A Dataset entry representing a conversation.

messages¶

List of messages in the conversation. Each message is an object with a role and content attributes.

Type:: List[ChatMessage]

tags¶

List of tags for the conversation.

Type:: List[str], optional

expected_output¶

Expected output which will be used for correctness evaluation.

Type:: Optional[str], optional

rules¶

List of rules used for evaluation.

Type:: List[str], optional

demo_output¶

Output of the agent for demonstration purposes.

Type:: Optional[ChatMessage], optional

demo_output: ChatMessage | None = None¶

expected_output: str | None = None¶

classmethod from_dict(data: Dict[str, Any], **kwargs) → Conversation[source]¶

Class method factory, allowing to filter from a dict.

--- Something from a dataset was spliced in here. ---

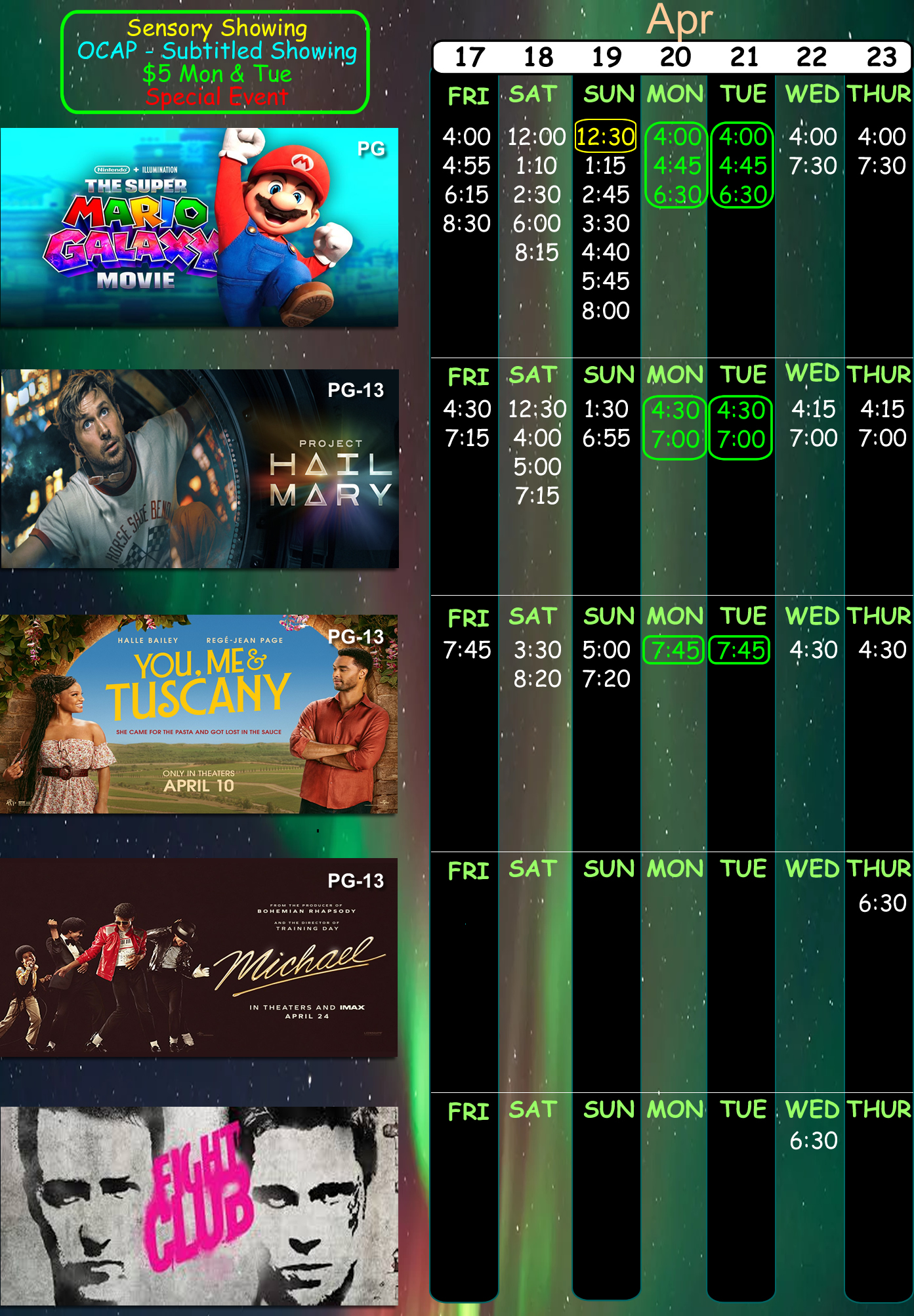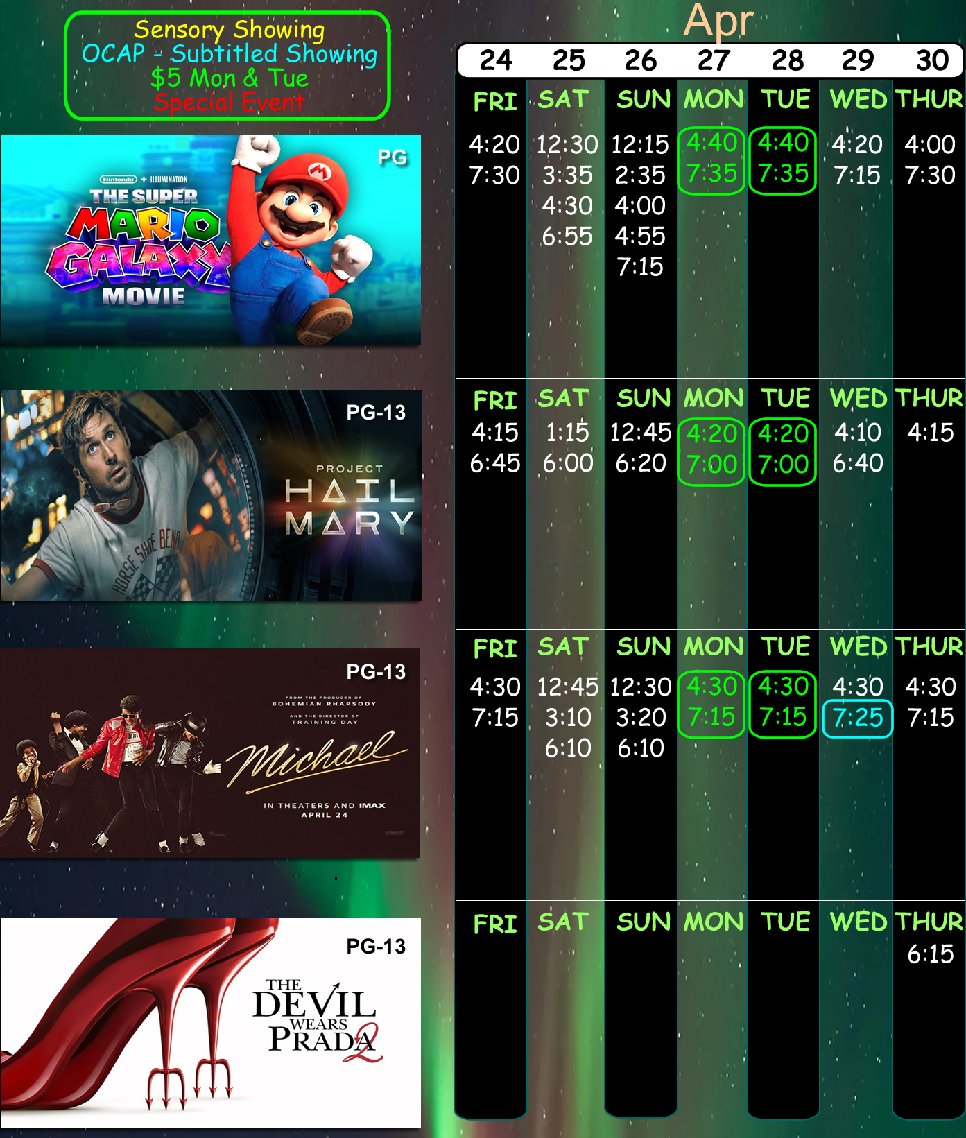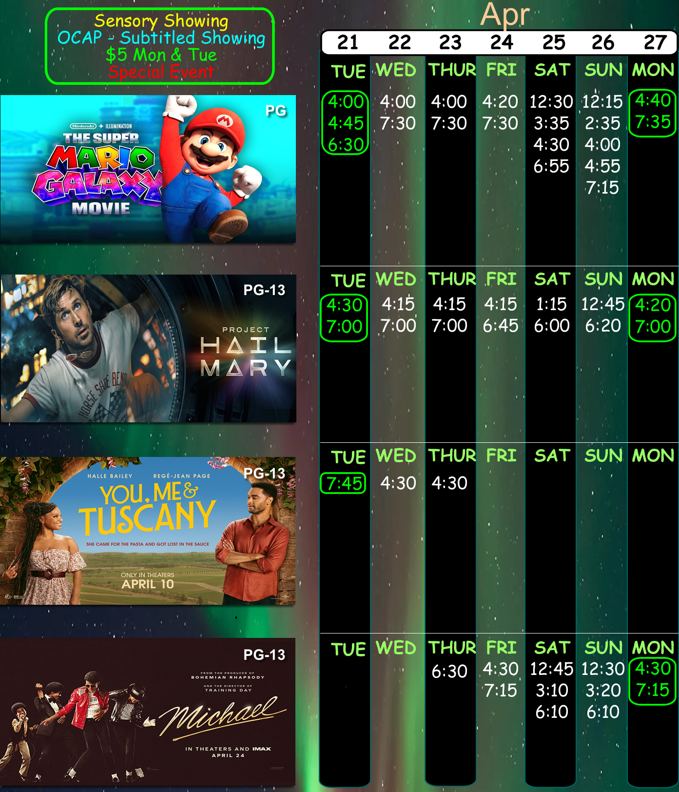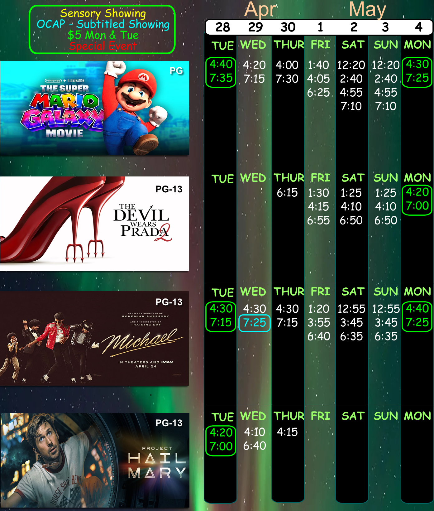 Pick Any Day to see movie times. Click a poster to see times for that movie only.

Parameters:: data (Dict[str, Any]) – The data to use to initialize the dataclass.

messages: List[ChatMessage]¶

rules: List[str]¶

tags: List[str]¶

class giskard_hub.data.Dataset(name: str, description: str = '', project_id: str | None = None, tags: List[str] = ...)[source]¶

Bases: Entity

Dataset object, containing the metadata about the dataset.

property conversations¶: Return the conversations of the dataset.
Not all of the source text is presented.